▸ Requirement: Please print the line that holds "Gambar 11 : Terasi Khas Bontang" and each line after it to the end of the data, word for word, without any pictures.

(Stored data entries)
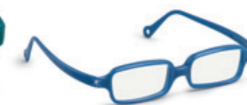
8632 07 | dark blue pearl
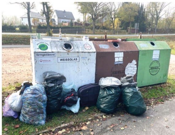
Abfälle gehören nicht auf oder neben die Container.

Abfälle gehören nicht auf oder neben Abfalltonnen und Container
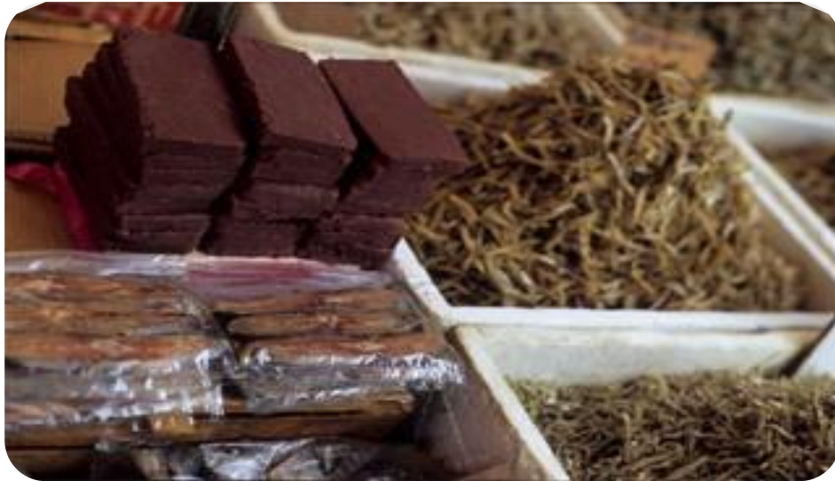
Gambar 11 : Terasi Khas Bontang
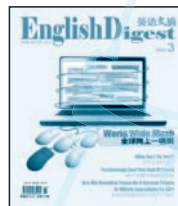
《英语文摘》 国内代号 2-716
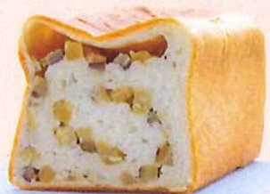
ずっしり 鳴門金時食パン

鳴門金時をパン生地約60%練りこんでおり、どこから食べても鳴門金時の味を感じられます。
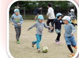
◀「ボールにさわりにいこう」というゲームの合図で（若草認定こども園）
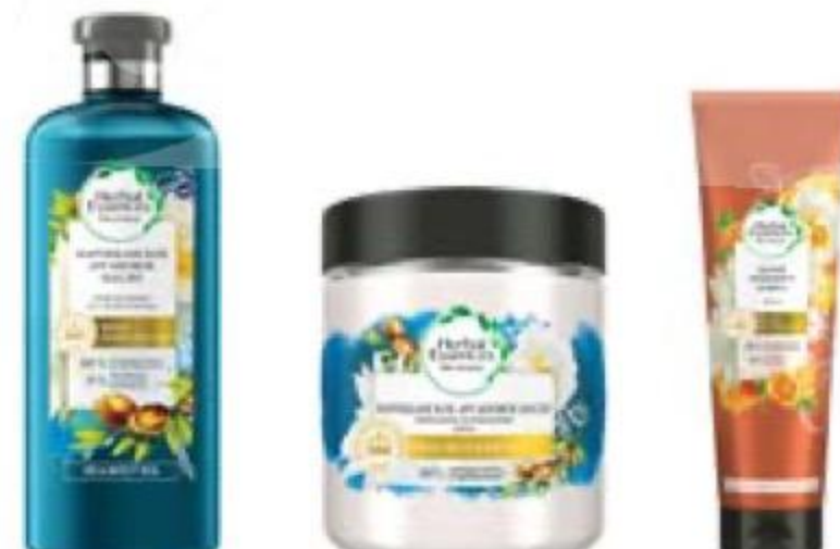
БАЛЬЗАМ- ОПОЛАСКИВАТЕЛЬ/ МАСКА/ШАМПУНЬ в ассортименте, Herbal Essences, 275–400 мл

▸ Exercise solution:
Gambar 11 : Terasi Khas Bontang
《英语文摘》 国内代号 2-716
ずっしり 鳴門金時食パン

鳴門金時をパン生地約60%練りこんでおり、どこから食べても鳴門金時の味を感じられます。
◀「ボールにさわりにいこう」というゲームの合図で（若草認定こども園）
БАЛЬЗАМ- ОПОЛАСКИВАТЕЛЬ/ МАСКА/ШАМПУНЬ в ассортименте, Herbal Essences, 275–400 мл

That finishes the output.